The demonstration of the reversibility and recovery of the initial electrical properties opens the door to various applications for these films, particularly in the development of transparent gas sensors. In such applications, the ability to regenerate and reverse processes provides a significant competitive advantage and is a crucial requirement for practical use.
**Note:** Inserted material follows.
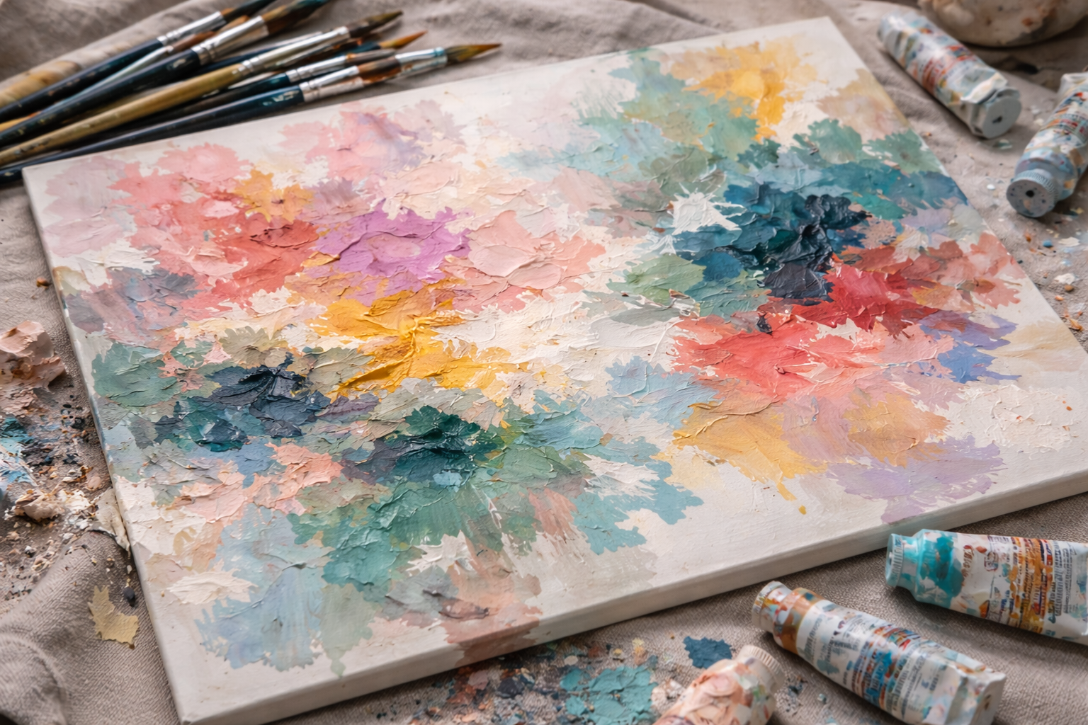 Du får ei enkel innføring i teori og teknikk, før vi jobbar vidare med mix media, portrett og abstrakt uttrykk – med god plass til leik, personleg preg og eigen prosess.

For example, a simple transparent oxygen sensor can be fabricated and regenerated by depositing a thin ZnO layer followed by rapid laser irradiation.

The results presented suggest that the time evolution of the electrical properties in laser-treated ZnO films may be intrinsically linked to the oxygen concentration in the surrounding atmosphere.^5,8 Therefore, it is worth exploring the possibility of using these ZnO films to detect oxygen levels.
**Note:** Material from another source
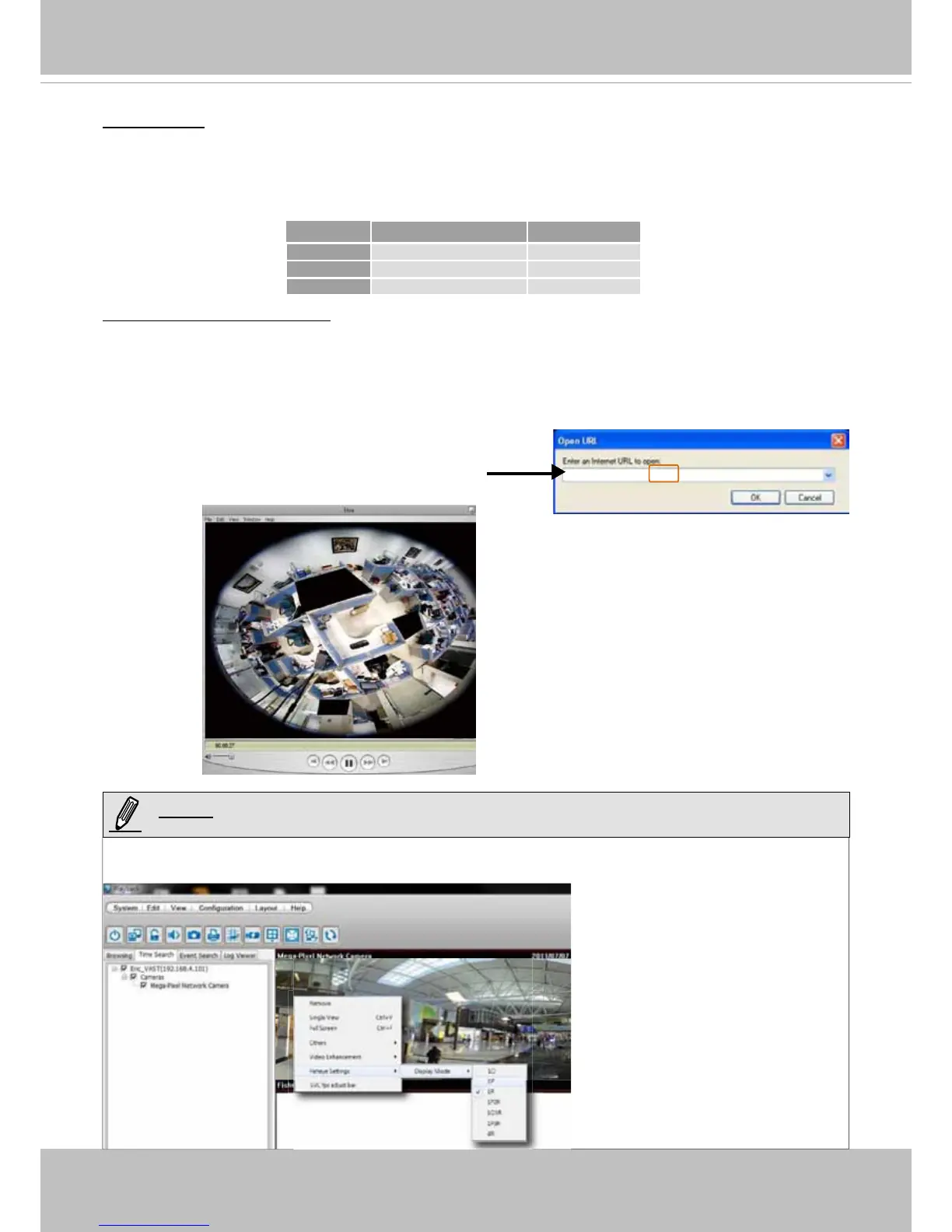 An original, oval view will be displayed using all RTSP players. For access to the Regional

Experiments were carried out where a laser annealing of the thin film was performed under vacuum and then the evolution of the electrical resistance was monitored under different atmospheres, namely, O₂, N₂ and Ar. Table 1 presents the composition of each atmosphere measured by gas chromatography. The values in italics are estimated from the measured data.

Table 1 Composition of the different treatment atmospheres. Gas compositions were measured by gas chromatography at 1 bar or estimated from the measured data (values in italics)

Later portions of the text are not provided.